There are abundant resources online trying to scare programmers away from using shell scripts. Most of them, if anything, succeed in convincing the reader to blindly put something that resembles
set -euo pipefail
at the top of their scripts. Let’s focus on the “-e” flag. What does this do? Well, here are descriptions of this flag from the first two results on Google for “writing safe bash scripts”:
- “If a command fails,
set -e
will make the whole script exit, instead of just resuming on the next line” (https://sipb.mit.edu/doc/safe-shell/) - “This tells bash that it should exit the script if any statement returns a non-true return value.” (http://www.davidpashley.com/articles/writing-robust-shell-scripts/)
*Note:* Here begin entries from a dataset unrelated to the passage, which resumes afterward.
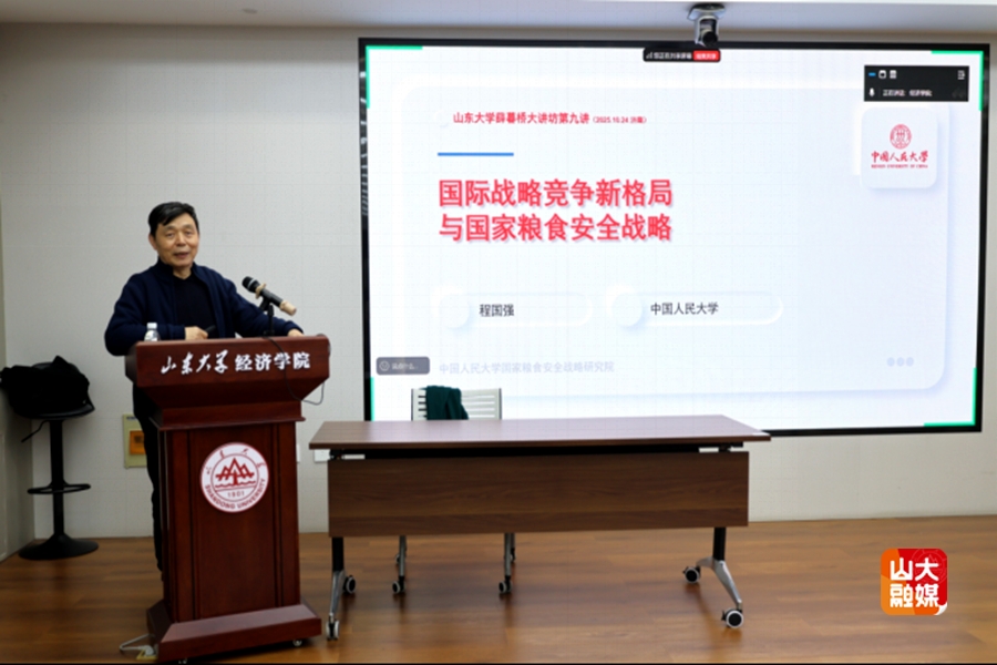 [本站讯]10月24日,经济学院“薛暮桥大讲坛”于中心校区举行,中国人民大学吴玉章讲席教授程国强作题为“国际战略竞争新格局与国家粮食安全战略”的学术报告。讲座由山东大学经济学院常务副院长石绍宾主持。
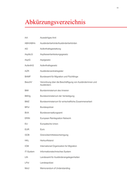93 Abkürzungsverzeichnis AA Auswärtiges Amt ABH/ABHn Ausländerbehörde/Ausländerbehörden AG Aufenthaltsgestattung AsylbLG Asylbewerberleistungsgesetz AsylG Asylgesetz AufenthG Aufenthaltsgesetz AZR Ausländerzentralregister BAMF Bundesamt für Migration und Flüchtlinge BeschV Verordnung über die Beschäftigung von Ausländerinnen und Ausländern BMI Bundsministerium des Inneren BMVg Bundesministerium der Verteidigung BMZ Bundesministerium für wirtschaftliche Zusammenarbeit BPol Bundespolizei BVA Bundesverwaltungsamt ERIN European Reintegration Network EU Europäische Union EUR Euro GÜB Grenzübertrittsbescheinigung HKL Herkunftsland IOM International Organization for Migration IT-System Informationstechnisches System LfA Landesamt für Ausländerangelegenheiten LPol Landespolizei MoU Memorandum of Understanding
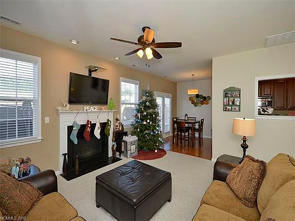 Desirable River Stone! Beautifully updated & maintained. Stone veneer/vinyl exterior. Located on a corner lot w/ a fenced backyard & level front yard, main level double garage & extra parking pad. Freshly painted interior & new carpet. The kitchen includes beautiful granite countertops & stainless appliances. Main level features 2 story entry, dining room & eat-in-kitchen w/ hardwoods. Great room with new carpet & fireplace &opens to patio. Bonus room/office & half bath on main. Upstairs features huge master suite +2 bedrooms & bath & a den/family room. Convenient to Hendersonville & Asheville. Community pool/playground.
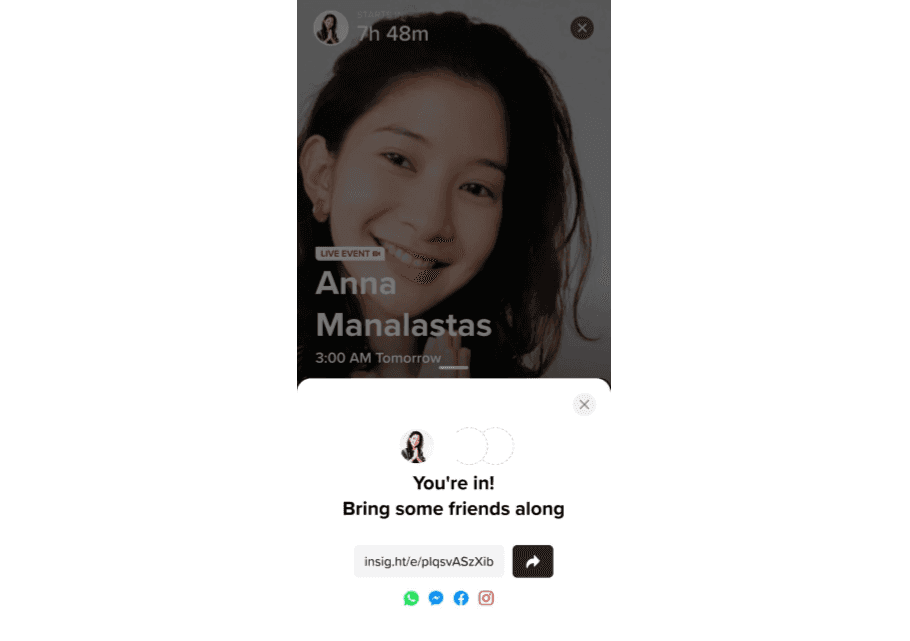 Take Insight Timer as an example. It functions as a subscription-based app, but it also has to think in terms of growing its community to support their teachers who work for donations. So once a user signs up for an upcoming event, the app suggests that the user promotes it among their friends.

Unfortunately, this is bash we are talking about and the story is never that simple.
A couple months ago, a particular production bash script (if that doesn’t sound horrifying, hopefully it will by the end of this post) failed in the worst kind of way: silently. The script generates a list of valid users at Jane Street and pushes this out to our inbound mail servers. It looks something like:
set -euo pipefail
...
echo "($(ldap-query-for-valid-users))" > "/tmp/all-users.sexp"
...
push-all-users-if-different
On this one particular day, a file was deployed with the contents “()”. But why
didn’t set -e
cause the script to exit when ldap-query-for-valid-users
failed? A quick look at the bash man page answers this question. It turns out
that there are a couple surprising subtleties to this flag. Here are a couple:
set -e
works on “simple commands”
A script will exit early if the exit status of a simple command is nonzero. So
how is a simple command executed? In short, bash does all expansions and checks
to see if there is still a command to run. If there is a command to run, the
exit status of the simple command is the exit status of the command. If there is
not a command to run, the exit status of the simple command is the exit status
of the last command substitution performed. Here are some example commands that
all have exit status 0, so would not cause a set -e
script to exit:
# echo, local and export are commands that always have exit status 0
echo "$(/bin/false)"
local foo="$(/bin/false)"
export foo="$(/bin/false)"
# the last command substitution has exit status 0
foo="$(/bin/false)$(/bin/true)"
set -e
does not get passed to subshells in command substitution (without --posix
)
Here is an example consequence of this:
set -e
foo() {
/bin/false
echo "foo"
}
echo "$(foo)"
Running this script with bash
will print “foo” while running this with
bash --posix
(or sh
) will not. Both scripts will exit with status 0.
Tangible takeaway
This is not to say that something like set -euo pipefail
should not be used at
the top of all bash scripts, but it should not give you a false sense of
security. Like all production code, you must reason about all failure conditions
and ensure they are handled appropriately. Even if you are some kind of bash
expert who knows all these subtleties, chances are your peers do not. The
execution of shell scripts is subtle and confusing, and for production code,
there is likely a better tool for the job.